Your goal
Below are some records. Write out the lines from the one containing "Kalesijski vatrogasci su" to the last line, word for word, leaving out pictures.

Given data
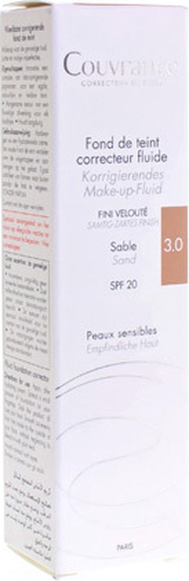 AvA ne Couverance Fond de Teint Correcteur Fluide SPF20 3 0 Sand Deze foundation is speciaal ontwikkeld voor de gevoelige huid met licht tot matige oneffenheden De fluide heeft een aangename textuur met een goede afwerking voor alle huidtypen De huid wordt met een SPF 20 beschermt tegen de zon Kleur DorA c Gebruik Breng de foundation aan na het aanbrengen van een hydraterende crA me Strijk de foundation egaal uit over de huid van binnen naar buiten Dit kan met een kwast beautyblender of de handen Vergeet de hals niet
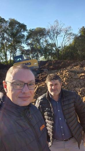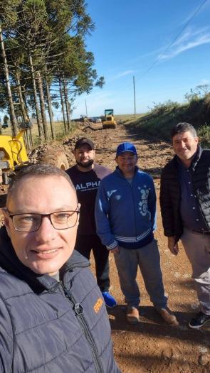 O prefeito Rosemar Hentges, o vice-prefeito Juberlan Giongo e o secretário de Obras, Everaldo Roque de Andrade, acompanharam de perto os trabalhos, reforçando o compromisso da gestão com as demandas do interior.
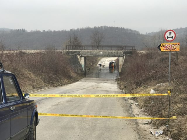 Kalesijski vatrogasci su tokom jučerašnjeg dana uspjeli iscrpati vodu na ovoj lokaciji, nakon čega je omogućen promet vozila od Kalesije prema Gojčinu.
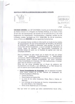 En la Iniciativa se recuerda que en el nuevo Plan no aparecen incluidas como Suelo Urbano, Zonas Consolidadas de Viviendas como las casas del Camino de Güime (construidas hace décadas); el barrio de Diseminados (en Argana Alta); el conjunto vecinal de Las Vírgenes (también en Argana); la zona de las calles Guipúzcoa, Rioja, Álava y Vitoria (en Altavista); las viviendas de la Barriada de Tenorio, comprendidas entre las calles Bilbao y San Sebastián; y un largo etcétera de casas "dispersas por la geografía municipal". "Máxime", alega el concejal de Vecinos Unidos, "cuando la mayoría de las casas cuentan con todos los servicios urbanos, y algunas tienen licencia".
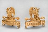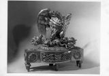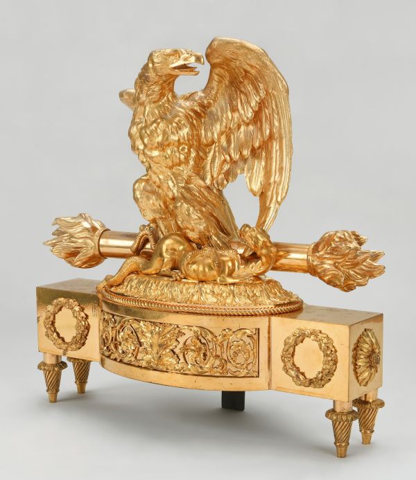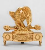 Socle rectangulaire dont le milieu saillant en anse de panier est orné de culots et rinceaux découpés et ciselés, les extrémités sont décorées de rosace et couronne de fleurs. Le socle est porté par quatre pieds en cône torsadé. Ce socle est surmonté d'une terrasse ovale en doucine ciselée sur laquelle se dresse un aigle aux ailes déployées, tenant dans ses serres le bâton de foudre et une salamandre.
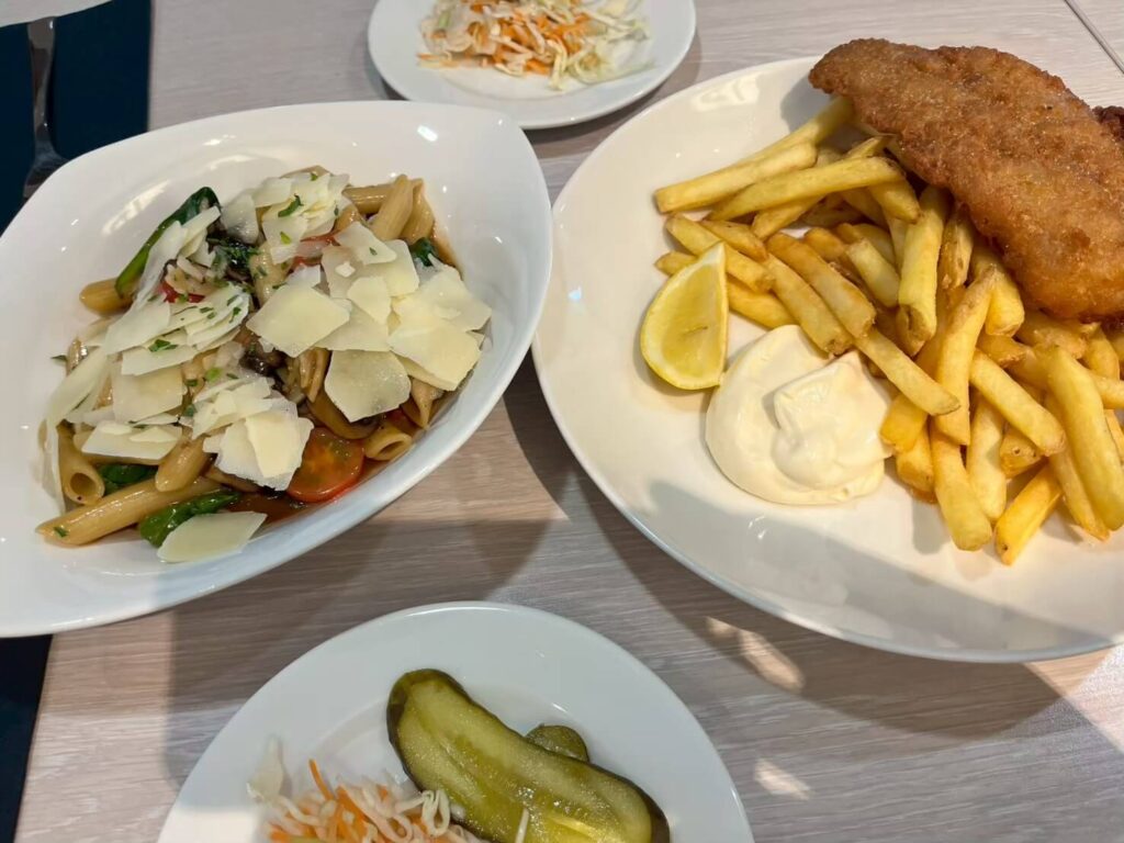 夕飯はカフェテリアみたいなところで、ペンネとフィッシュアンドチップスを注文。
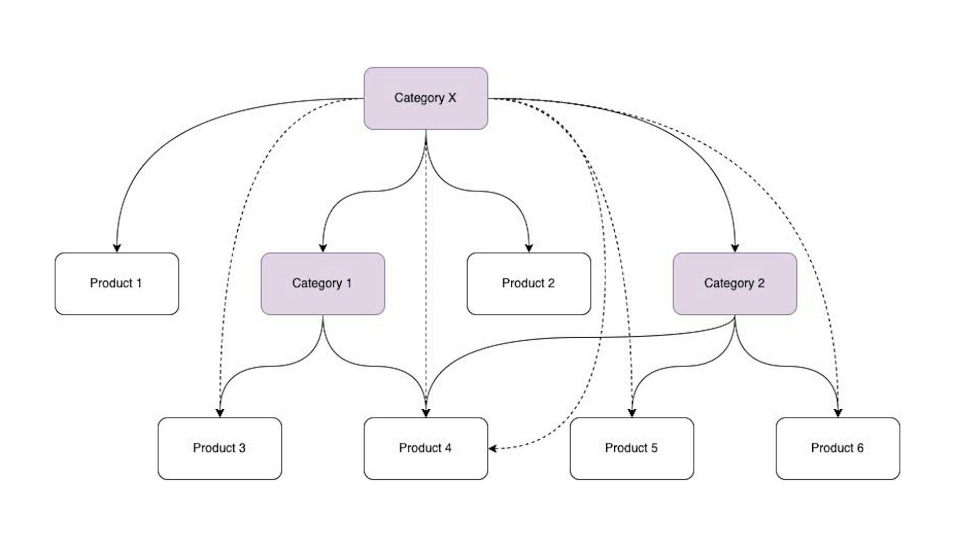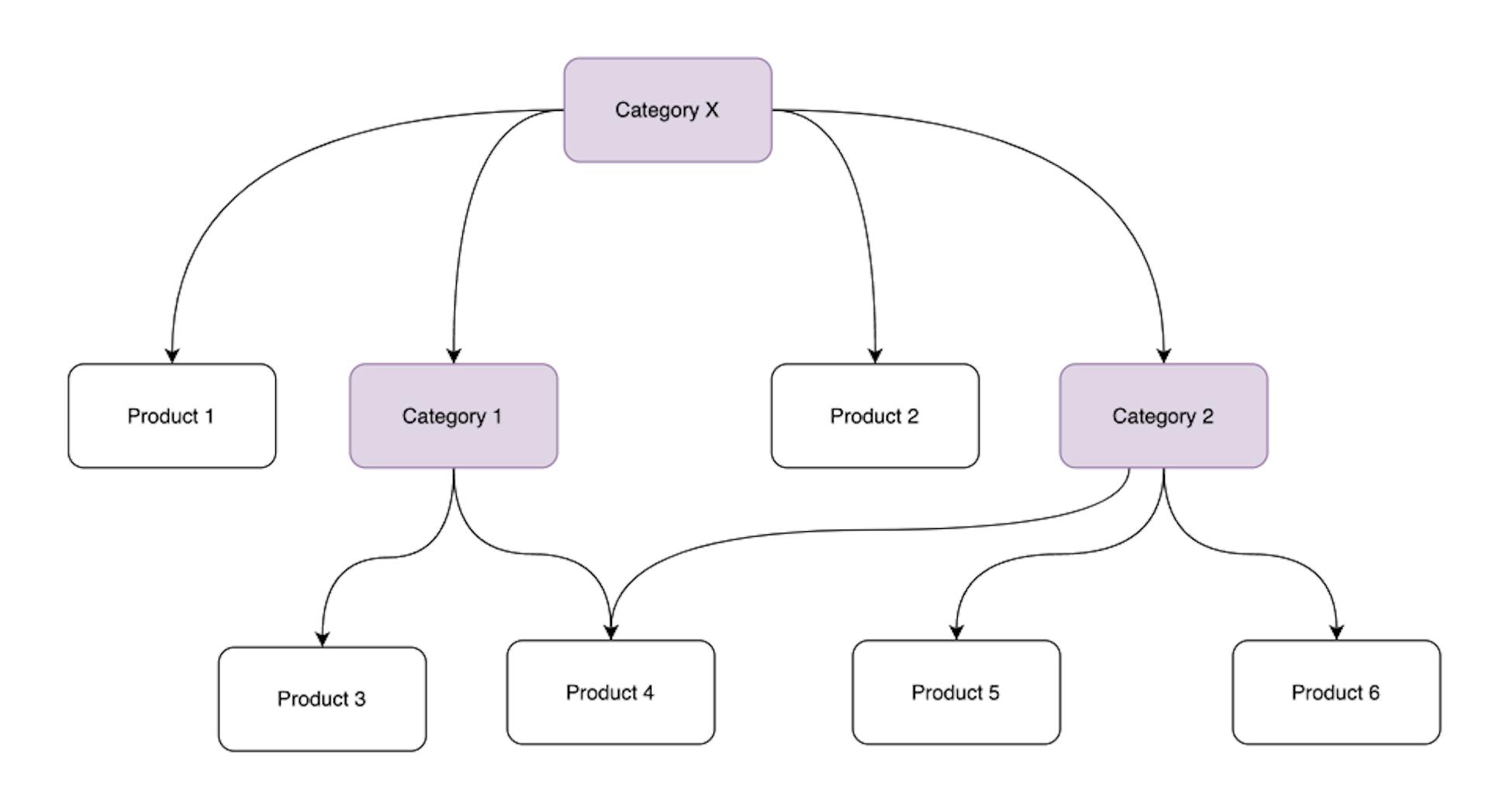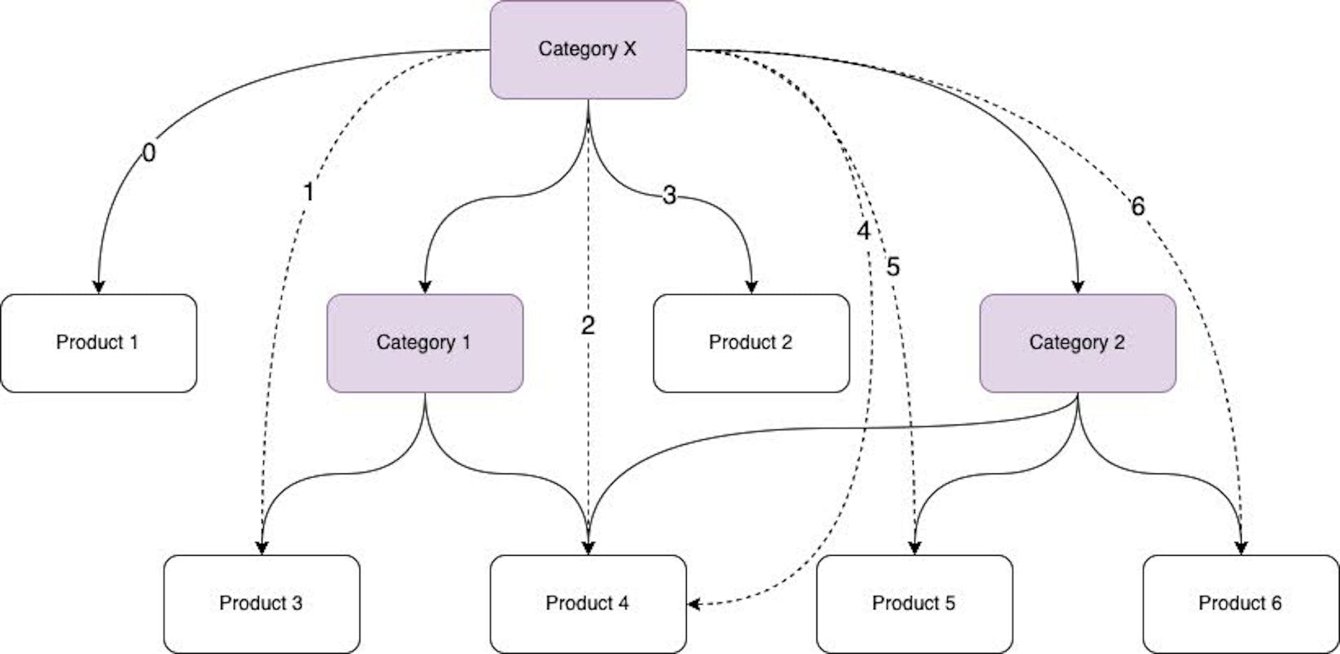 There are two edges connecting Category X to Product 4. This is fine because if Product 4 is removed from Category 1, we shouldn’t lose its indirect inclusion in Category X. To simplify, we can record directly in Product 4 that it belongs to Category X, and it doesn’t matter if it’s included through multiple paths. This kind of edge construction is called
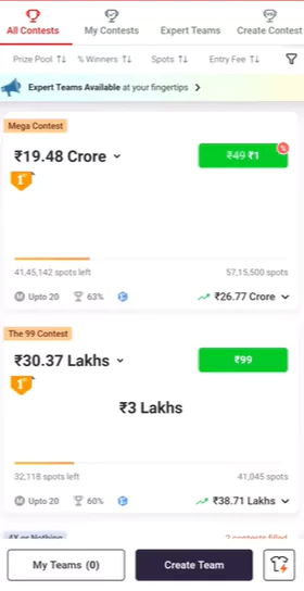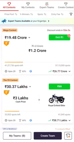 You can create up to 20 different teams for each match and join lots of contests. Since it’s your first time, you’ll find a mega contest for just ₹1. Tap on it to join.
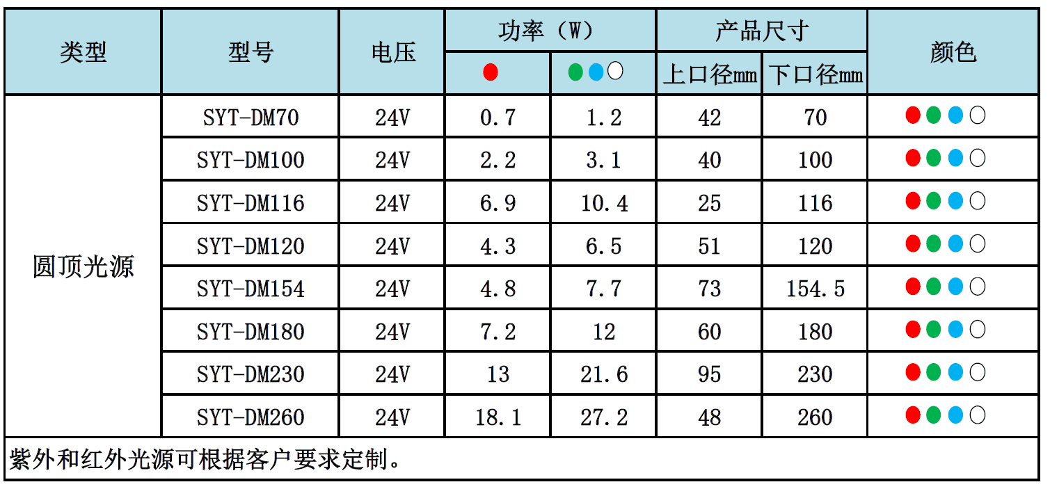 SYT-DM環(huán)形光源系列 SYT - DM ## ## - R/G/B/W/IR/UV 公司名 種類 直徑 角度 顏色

Problem solution
 Kalesijski vatrogasci su tokom jučerašnjeg dana uspjeli iscrpati vodu na ovoj lokaciji, nakon čega je omogućen promet vozila od Kalesije prema Gojčinu.
 En la Iniciativa se recuerda que en el nuevo Plan no aparecen incluidas como Suelo Urbano, Zonas Consolidadas de Viviendas como las casas del Camino de Güime (construidas hace décadas); el barrio de Diseminados (en Argana Alta); el conjunto vecinal de Las Vírgenes (también en Argana); la zona de las calles Guipúzcoa, Rioja, Álava y Vitoria (en Altavista); las viviendas de la Barriada de Tenorio, comprendidas entre las calles Bilbao y San Sebastián; y un largo etcétera de casas "dispersas por la geografía municipal". "Máxime", alega el concejal de Vecinos Unidos, "cuando la mayoría de las casas cuentan con todos los servicios urbanos, y algunas tienen licencia".
 Socle rectangulaire dont le milieu saillant en anse de panier est orné de culots et rinceaux découpés et ciselés, les extrémités sont décorées de rosace et couronne de fleurs. Le socle est porté par quatre pieds en cône torsadé. Ce socle est surmonté d'une terrasse ovale en doucine ciselée sur laquelle se dresse un aigle aux ailes déployées, tenant dans ses serres le bâton de foudre et une salamandre.
 夕飯はカフェテリアみたいなところで、ペンネとフィッシュアンドチップスを注文。
 There are two edges connecting Category X to Product 4. This is fine because if Product 4 is removed from Category 1, we shouldn’t lose its indirect inclusion in Category X. To simplify, we can record directly in Product 4 that it belongs to Category X, and it doesn’t matter if it’s included through multiple paths. This kind of edge construction is called
 You can create up to 20 different teams for each match and join lots of contests. Since it’s your first time, you’ll find a mega contest for just ₹1. Tap on it to join.
 SYT-DM環(huán)形光源系列 SYT - DM ## ## - R/G/B/W/IR/UV 公司名 種類 直徑 角度 顏色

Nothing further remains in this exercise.